» **ABOUT THIS TASK**:
Below are the records; return exactly the lines from the one with "con la expresión" through the final line, both included, minus any pictures.

» **LISTED ENTRIES**:
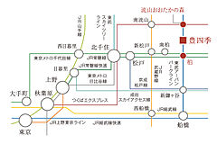 東武アーバンパークライン「豊四季」駅より「北千住」駅へ23分、「上野」駅へ35分、「東京」駅へ45分で到着します。 ※電車の所要時間はいずれも乗換・待ち時間を含んでいます。
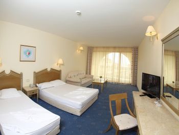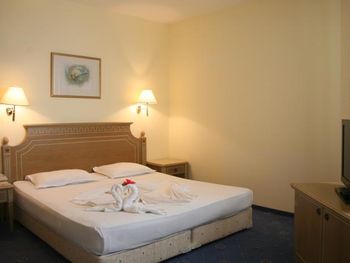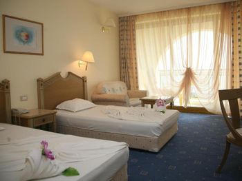 Отличная кухня. Удобное размещение отеля. Пляж отделен молом, поэтому море былоспокойно не смотря на ветер. Хороший и большой аквапарк. Развлекательные программы.
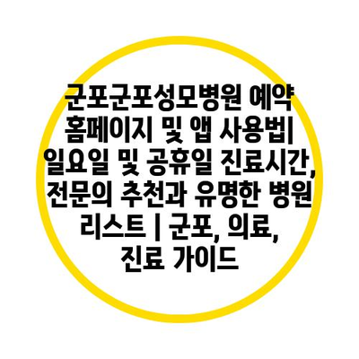 군포군포성모병원 예약 홈페이지 및 앱 사용법| 일요일 및 공휴일 진료시간, 전문의 추천과 유명한 병원 리스트 | 군포, 의료, 진료 가이드
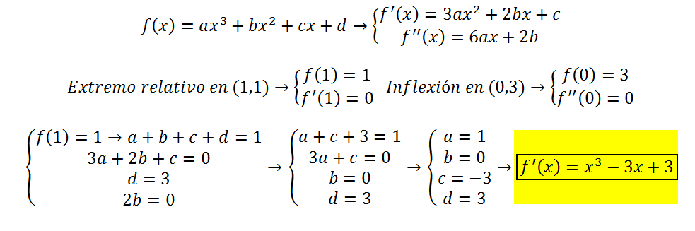 con la expresión de su derivada primera; f ' (x) = 3ax2 + 2bx + c,
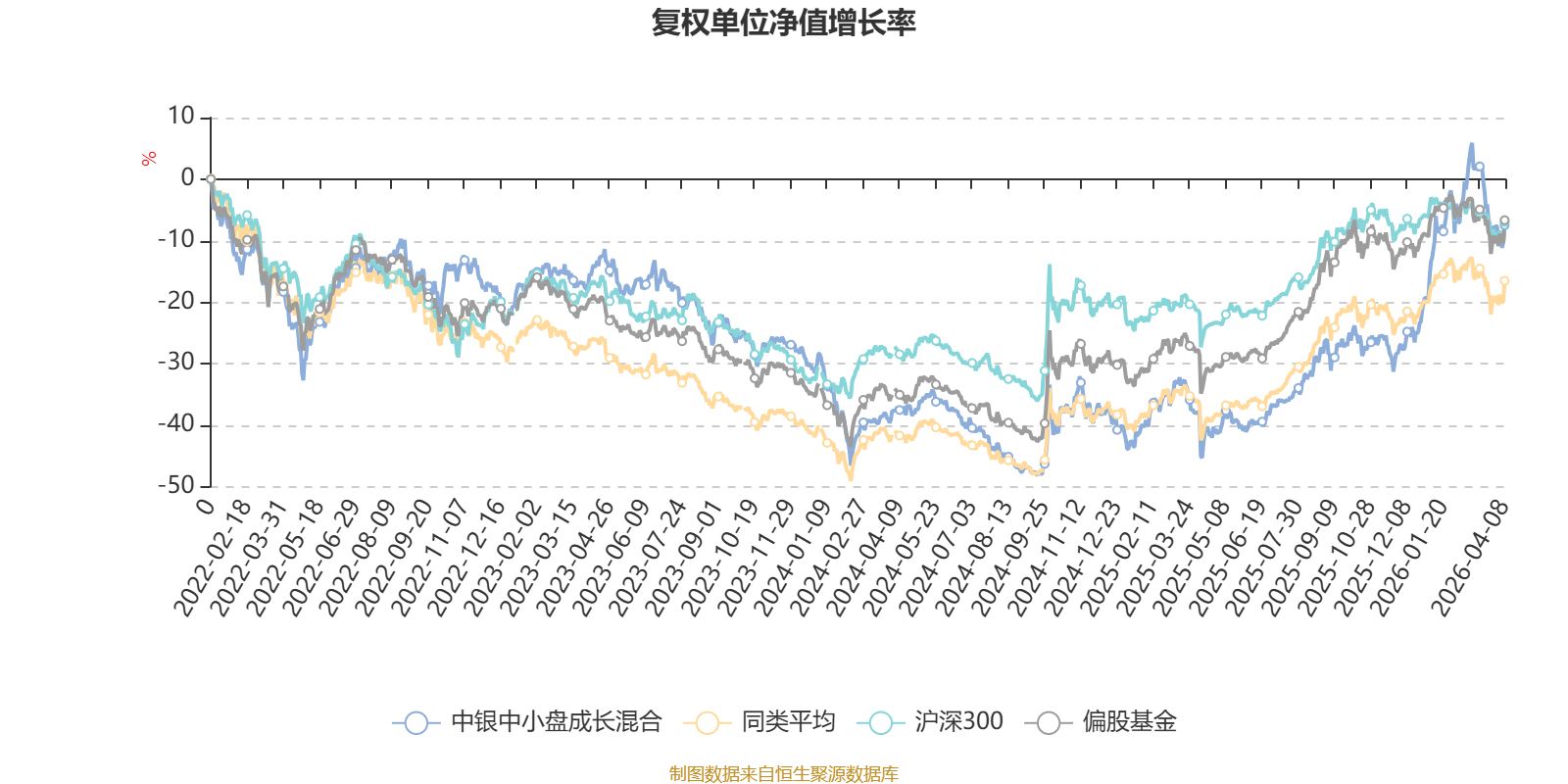 截至4月8日,中银中小盘成长混合近三个月复权单位净值增长率为4.43%,位于同类可比基金165/689;近半年复权单位净值增长率为22.21%,位于同类可比基金49/689;近一年复权单位净值增长率为69.15%,位于同类可比基金102/685;近三年复权单位净值增长率为7.47%,位于同类可比基金241/417。
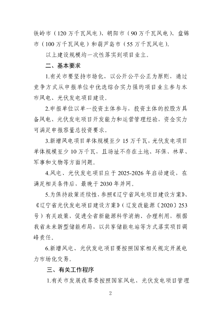 辽宁省2025年第二批风电、光伏发电项目建设方案(征求意见稿).pdf
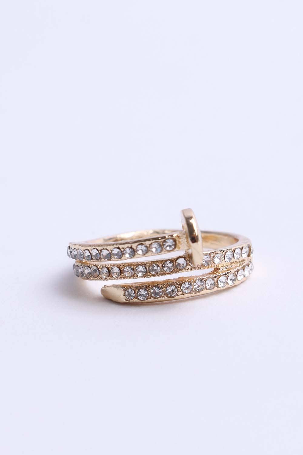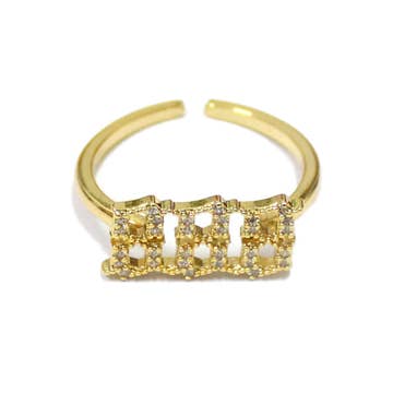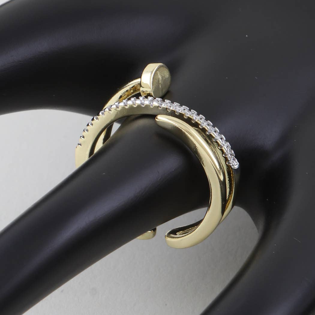 Micro Pave Geometric Round Shape Gold Open Ring O2071
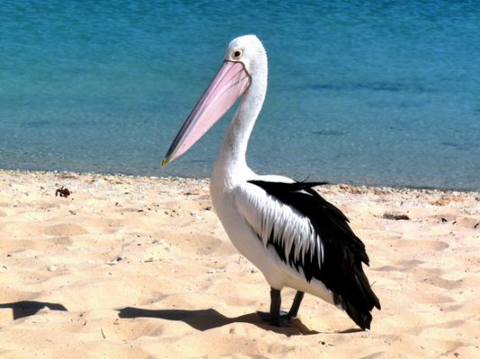 Wir laufen am Strand entlang und sehen erstmal einen Pelikan:
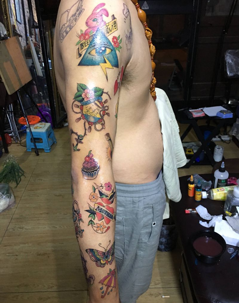 当前位置: 首页 >山西省大同市纹身店-大同老三纹身店纹身图案>小图q纹身图片_手臂Old School纹身图案
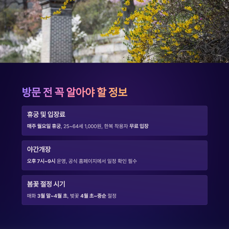 특히 입구에서 만나는 매화나무 군락은 "서울 도심에서 가장 아름다운 매화 명소"로 손꼽히며, 한복을 입고 가족사진을 찍기에도 최적의 장소입니다.

» **REPLY**:
 con la expresión de su derivada primera; f ' (x) = 3ax2 + 2bx + c,
 截至4月8日,中银中小盘成长混合近三个月复权单位净值增长率为4.43%,位于同类可比基金165/689;近半年复权单位净值增长率为22.21%,位于同类可比基金49/689;近一年复权单位净值增长率为69.15%,位于同类可比基金102/685;近三年复权单位净值增长率为7.47%,位于同类可比基金241/417。
 辽宁省2025年第二批风电、光伏发电项目建设方案(征求意见稿).pdf
 Micro Pave Geometric Round Shape Gold Open Ring O2071
 Wir laufen am Strand entlang und sehen erstmal einen Pelikan:
 当前位置: 首页 >山西省大同市纹身店-大同老三纹身店纹身图案>小图q纹身图片_手臂Old School纹身图案
 특히 입구에서 만나는 매화나무 군락은 "서울 도심에서 가장 아름다운 매화 명소"로 손꼽히며, 한복을 입고 가족사진을 찍기에도 최적의 장소입니다.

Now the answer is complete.